Overview
This article discusses the migration of Espresso, LinkedIn's distributed data store, to a new Netty4-based framework, highlighting significant performance and capacity improvements. It details the architecture of Espresso, the benefits of the Netty framework, and the results of the migration in terms of latency and throughput.
What You'll Learn
1
How to modernize a distributed data store using the Netty framework
2
Why implementing a new thread model can enhance performance in multi-threaded applications
3
How to measure performance improvements in a large-scale system migration
Key Questions Answered
What improvements were achieved by migrating Espresso to the Netty framework?
The migration to the Netty framework resulted in significant performance improvements, including a 100x reduction in OldGen GC and a 60% reduction in latency for write-heavy clusters.
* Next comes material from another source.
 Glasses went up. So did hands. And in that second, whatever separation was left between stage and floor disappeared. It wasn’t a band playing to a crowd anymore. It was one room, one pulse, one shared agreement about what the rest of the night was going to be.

Read-heavy clusters also experienced latency improvements due to the new thread model and native epoll support.
What are the major features implemented in the new Netty framework for Espresso?
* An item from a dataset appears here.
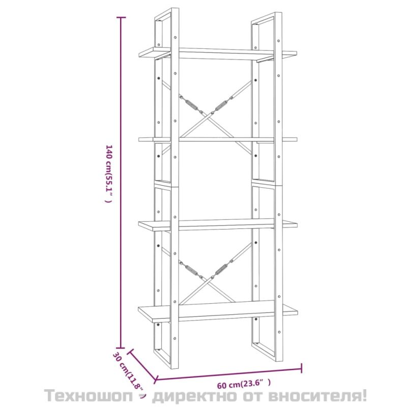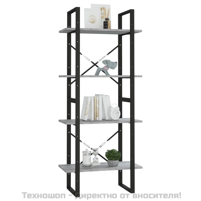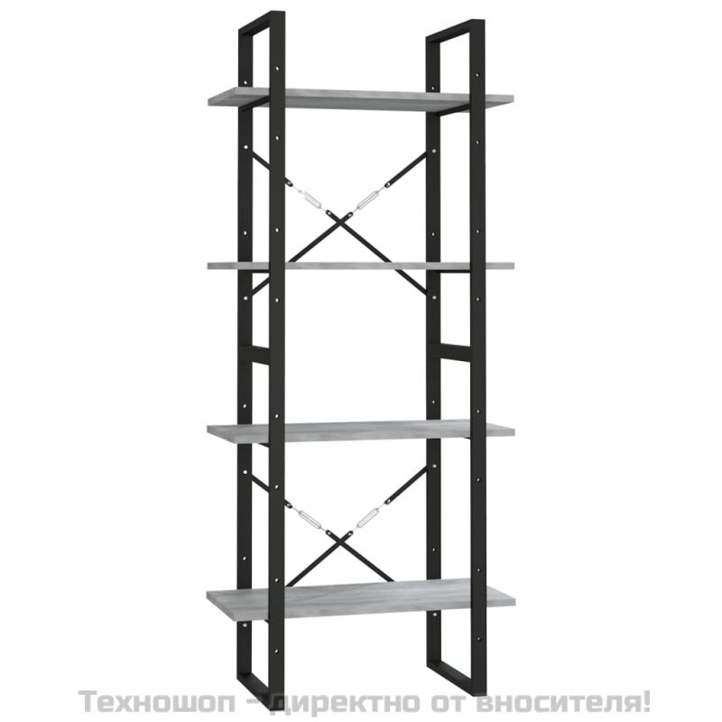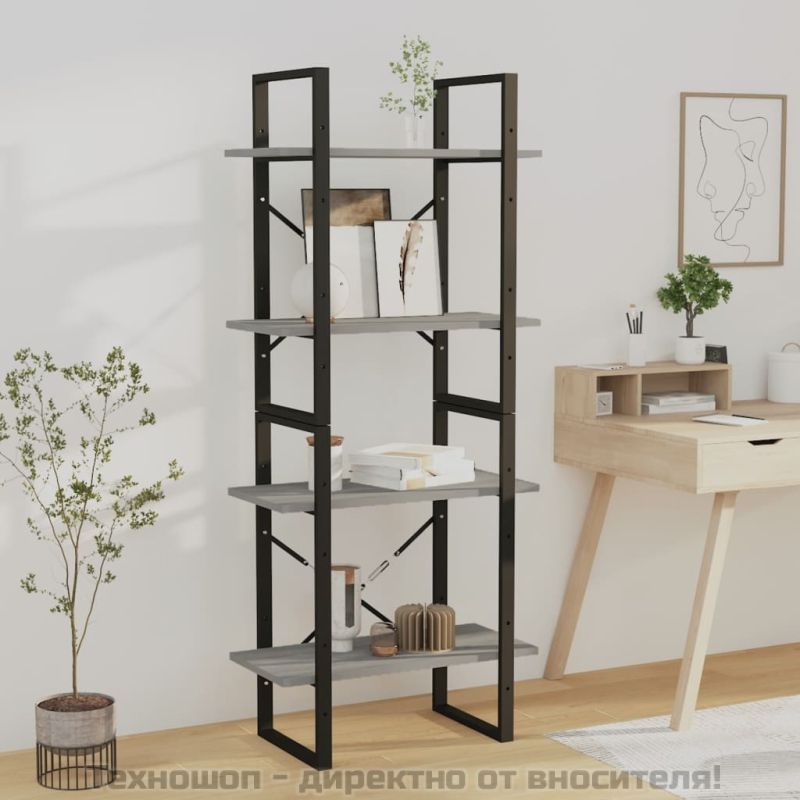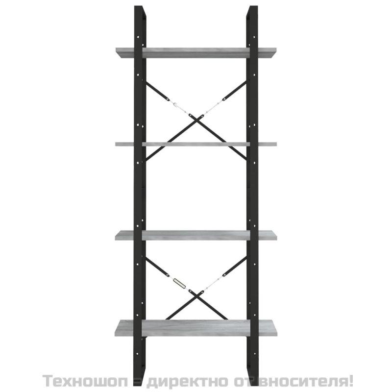 Библиотека на 4 нива, сив сонома, 60x30x140 см, инженерно дърво

The new Netty framework for Espresso includes a new thread model for I/O operations, better memory management with direct buffer pooling, streamlined asynchronous handling, and native epoll support for socket connections, all aimed at enhancing performance and capacity.
How does the new thread model improve Espresso's performance?
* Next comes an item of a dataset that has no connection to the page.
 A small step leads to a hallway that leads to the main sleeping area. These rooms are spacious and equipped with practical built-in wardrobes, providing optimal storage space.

The new thread model avoids inter-thread locking by using thread-local variables, which enhances CPU cache hit rates and reduces contention between I/O threads, leading to improved performance in data processing.
What metrics were used to measure the performance of Espresso after migration?
Metrics used for performance measurement included JVM GC times, latency (P99 and max latencies), and capacity measured in Read Capacity Units (RCU) and Write Capacity Units (WCU), providing a comprehensive view of system performance pre- and post-migration.
Key Statistics & Figures
OldGen GC reduction
100x
Observed in write-heavy clusters after migration to Netty framework.
YoungGen GC reduction
10x
Noted in write-heavy clusters post-migration.
Latency reduction for write-heavy clusters
60%
Measured after the migration to the new Netty framework.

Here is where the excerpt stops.